At ETH Zurich, Ulrik Brandes is teaching the Swiss national team to see football the way artificial intelligence does—not as formations drawn on a whiteboard, but as constantly shifting networks of movement and intention. As the 2026 World Cup approaches, the professor of social networks has transformed tracking data from international tournaments into a tactical weapon that reveals what television formations never will.
Most modern football stadiums are filmed by multiple cameras capturing the position of every player and the ball at every second. For years, Brandes has mined this data to understand how teams actually behave during matches, going far beyond the static 4-3-3 or 3-5-2 diagrams that dominate halftime analysis. "Football often appears to have an unpredictability and spontaneity about it," Brandes explains. "But if you look at enough data, stable patterns start to emerge."
The difference between formations and reality matters enormously in modern football. Players constantly switch roles, swap sides, and adjust their positioning based on whether their team has possession. A center forward might drop deep into midfield. A left back could roam so far forward he functions almost as a winger. A defensive midfielder becomes the playmaker and therefore a vulnerability to aggressive pressing. These dynamic patterns are invisible to traditional analysis.
When Switzerland's coaching staff prepare opponents for the 2026 World Cup—particularly under the time pressure of group phases where traditional video study becomes impractical—they now rely on Brandes' rapid visualizations of tactical patterns. His data might reveal that an opponent's left back is far more attacking than the right back, or which midfielder operates as the team's creative hub and where they can be pressured. The Swiss federation uses these insights to identify weaknesses that exist only in the actual flow of play, not on paper. Brandes is careful to note he only prepares and presents the data; the coaching staff alone decides what conclusions to draw from it.
Beyond formations, Brandes has also pursued a fascinating scientific puzzle: what makes penalty shootouts genuinely different from penalties during normal play? After analyzing nearly 2,000 penalty shootouts, he and his co-authors reached a surprising conclusion. The widely repeated claim that teams shooting first gain an advantage proved false—"The statistics contradict the claim that teams that go first are more likely to win," Brandes says.

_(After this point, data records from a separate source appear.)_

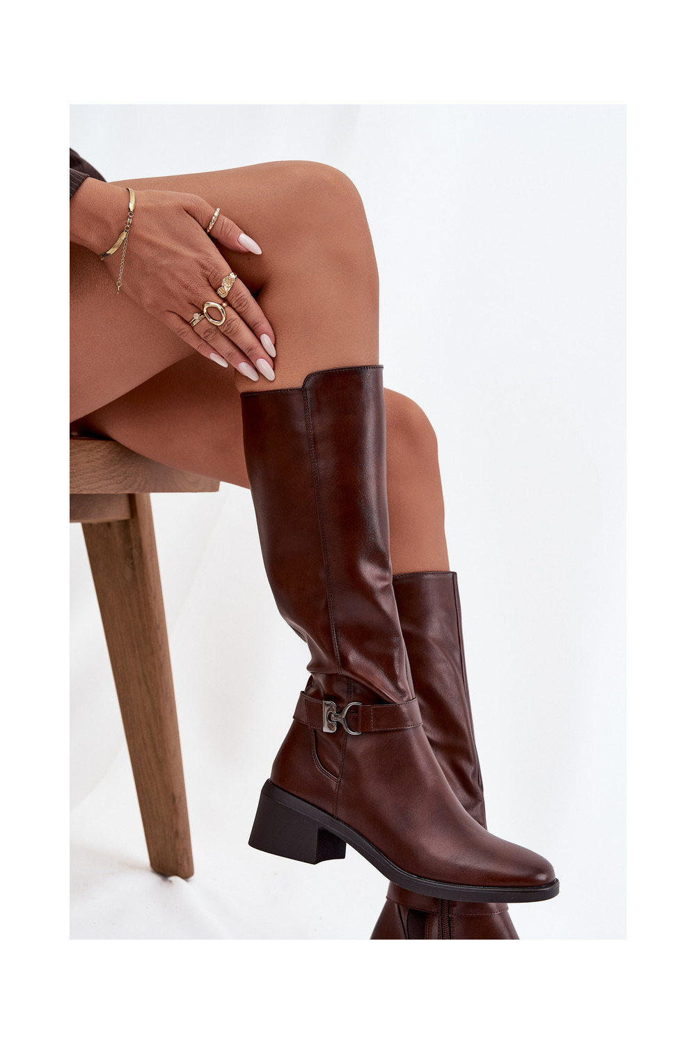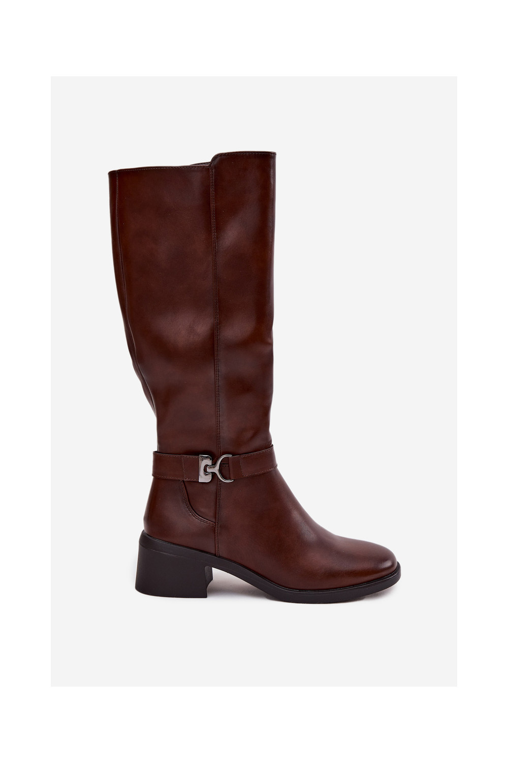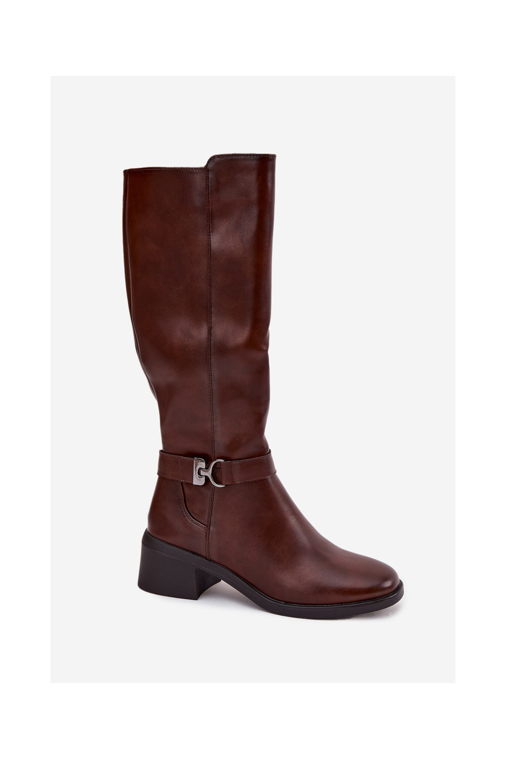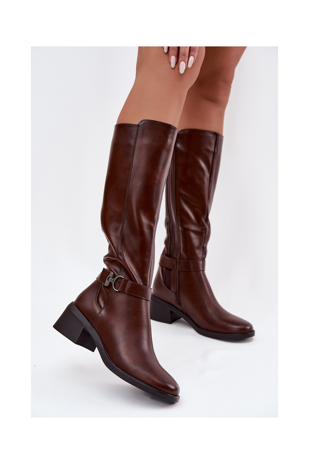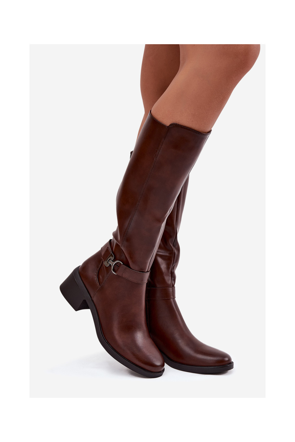 pašiltinti moteriški ilgaauliai batai  su dirželiais Sergio Leone KZ25826 rudos spalvos
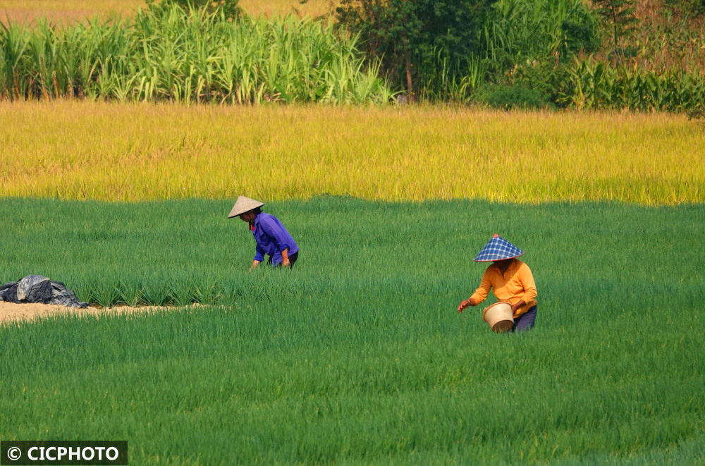 ↑2022年11月7日,廣西南寧市西鄉(xiāng)塘區(qū)石埠街道和安村,農(nóng)民在田間管護(hù)香蔥。CICPHOTO/喻湘泉 攝
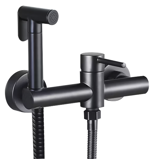 Gamma di rubinetteria per bagno dal design cilindrico e finitura nera opaca, progettata per spazi contemporanei che uniscono eleganza e funzionalità.
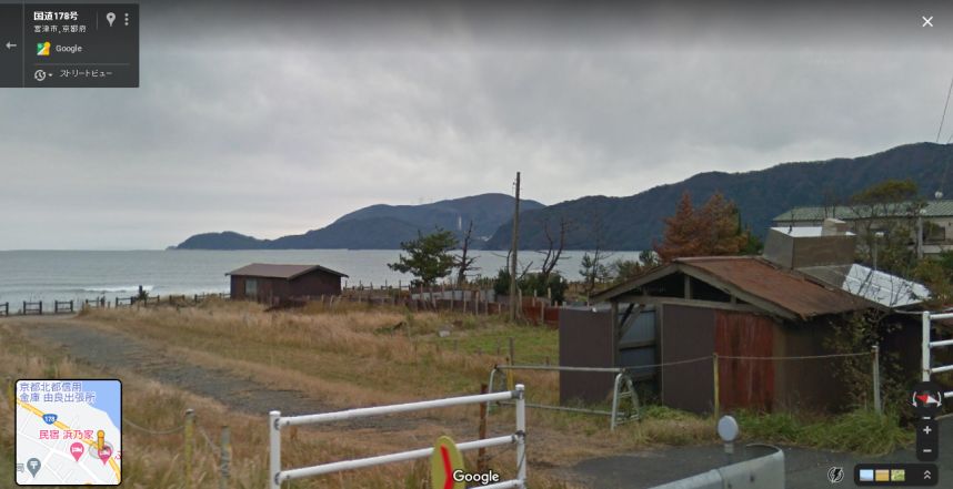 | 宮津市由良から取得したグーグルのストリートビューの画像。由良川を越えた舞鶴市西神崎(画像の右奥方向)から見た方がしっくりした絵になるが、そちらは見通しが悪かった。 ↓ |
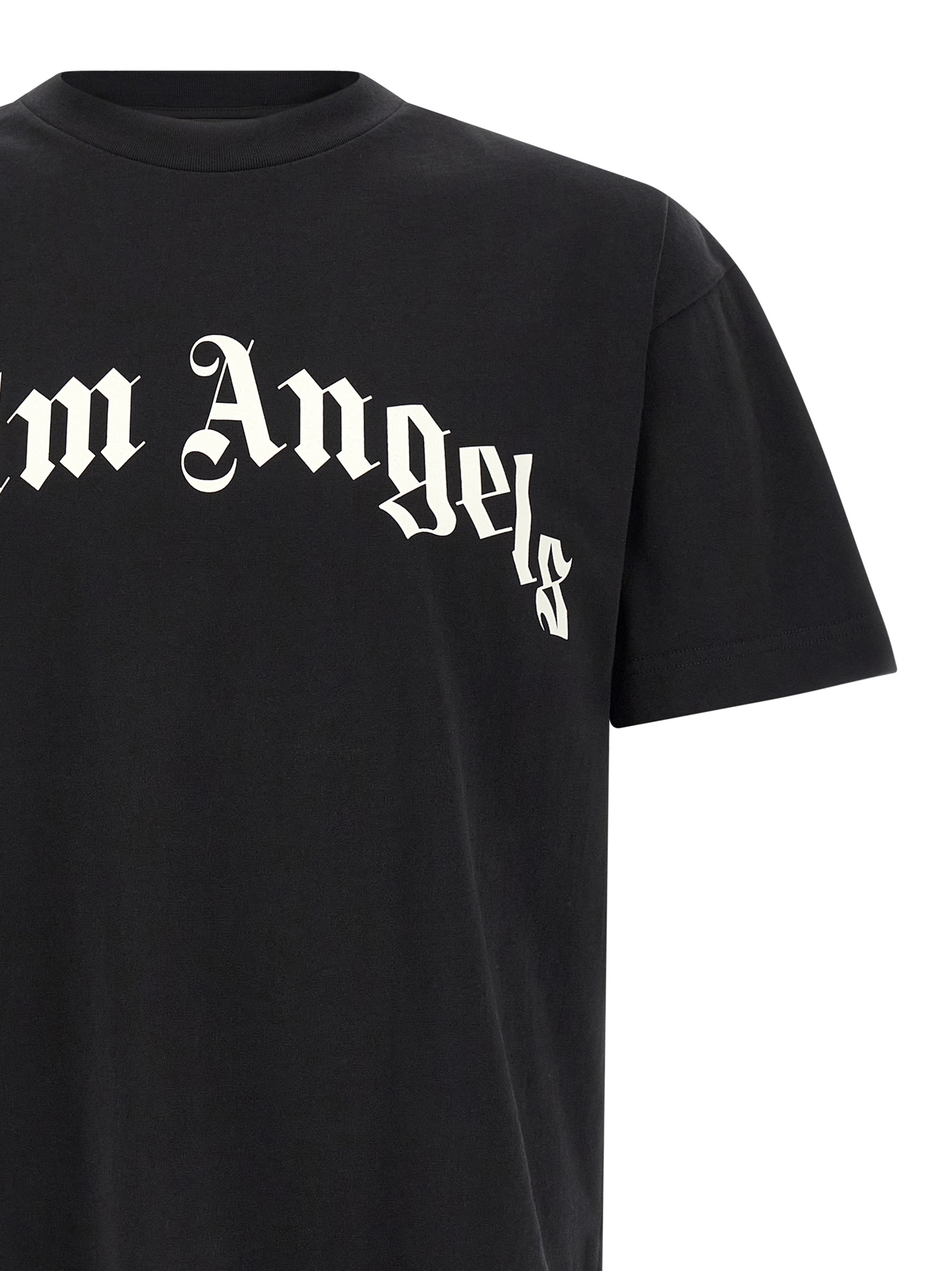 Cotton jersey t-shirt with front ‘curved logo’ graphic print, Crew neck, Short sleeves with dropped shoulders.
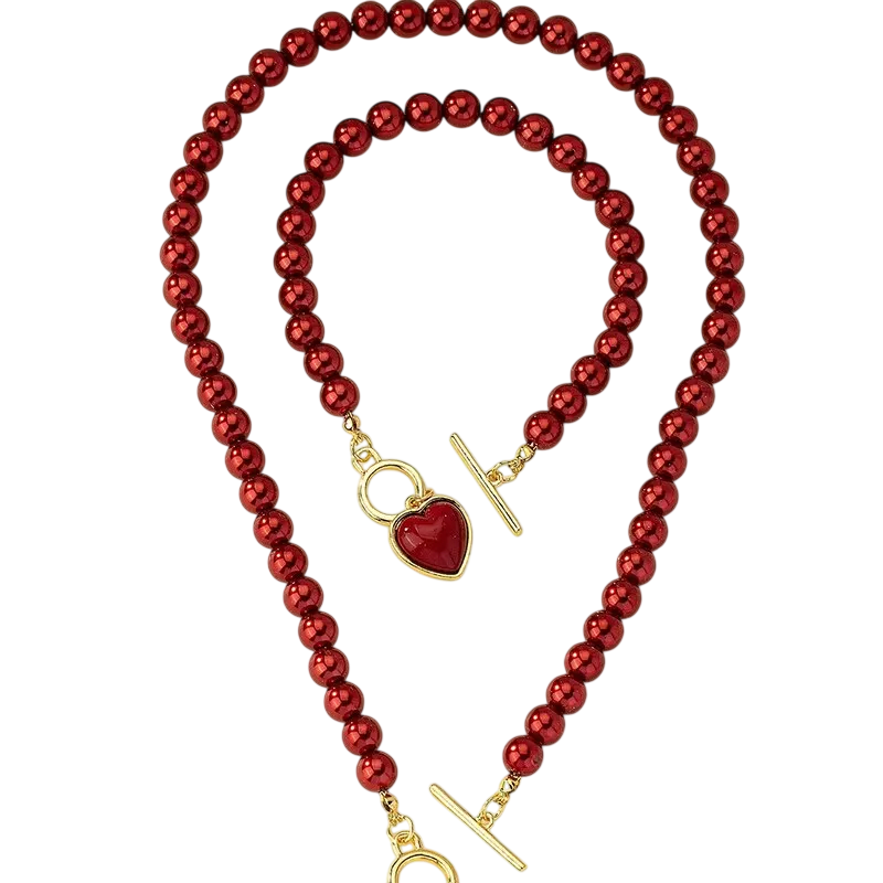 Oemotståndlig set med pärlhalsband och armband representerar tidlös elegans som aldrig går ur modet. Fina kulor ger en romantisk och sofistikerad känsla och kompletterar enkelt både festliga och vardagliga outfits. Halsbandet med en längd av 44 cm följer naturligt linjen av halsen, medan armbandet på 21 cm sitter bekvämt på handleden och skapar en harmonisk helhet. Smyckena är tillverkade av zinklegering, vilket säkerställer hållbarhet och lång livslängd vid vanlig användning. Detta eleganta pärlset är det perfekta valet för tjejer och kvinnor som älskar klassisk stil med en subtil touch av lyx.
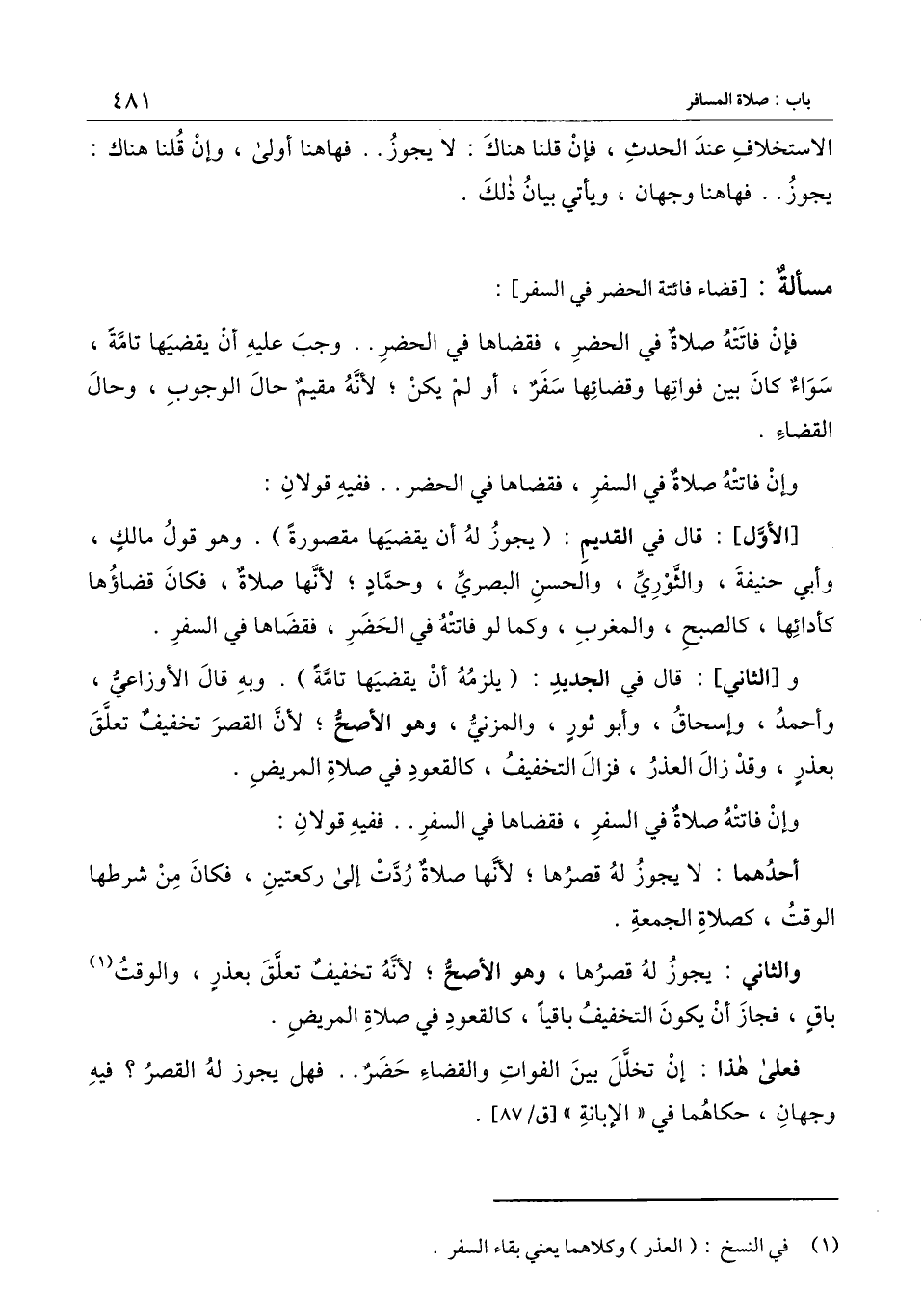 [مسألة قضاء فائتة الحضر في السفر]
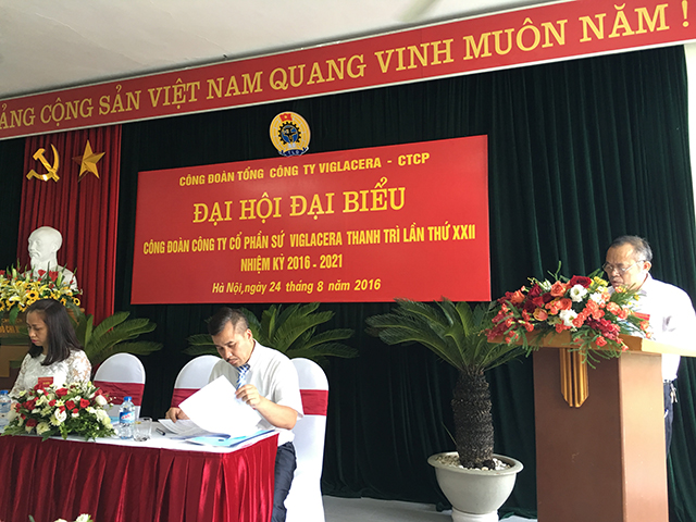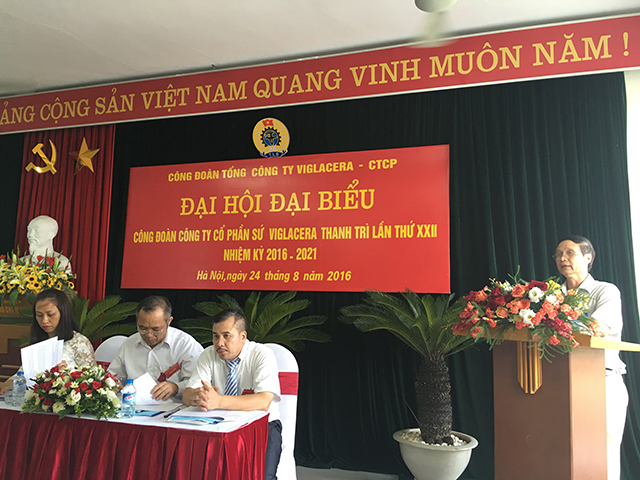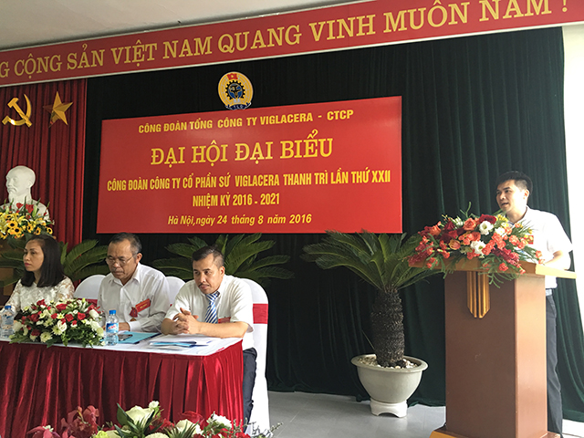 Thực hiện Điều lệ Công đoàn Việt Nam và Kế hoạch Đại hội CĐCS tiến tới Đại hội Công đoàn Tổng công ty Viglacera - CTCP, ngày 24 tháng 8 năm 2016, tại Hội trường Công ty CP Sứ Viglacera Thanh Trì đã diễn ra Đại hội Công đoàn Công ty CP Sứ Viglacera Thanh Trì lần thứ XXII, nhiệm kỳ 2016 – 2021.
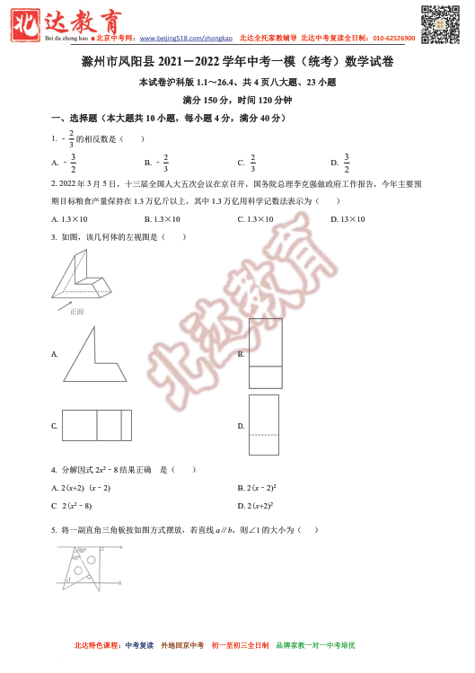 2022年安徽省滁州市凤阳县中考一模数学试题

But they found something clearer: conversion rates collapse under the added pressure of shootouts. During normal play, roughly four out of five penalties go in. In shootouts, only three out of four succeed. The culprit is not improved goalkeeping or superior technique by defenders. Instead, Brandes identified the core difference: more misses by the players themselves. "Even players who are otherwise very reliable score less often in penalty shootouts," he observes. The psychological weight of sudden-death moments reshapes even the most accomplished athletes' accuracy.
For the 2026 World Cup in Canada, Mexico, and the United States, Brandes will be at work both before and during the tournament, distilling patterns from raw tracking data into tactical intelligence. In a sport that prizes intuition and experience, data has become another form of seeing—one that reveals the hidden geometry of play beneath what the naked eye observes.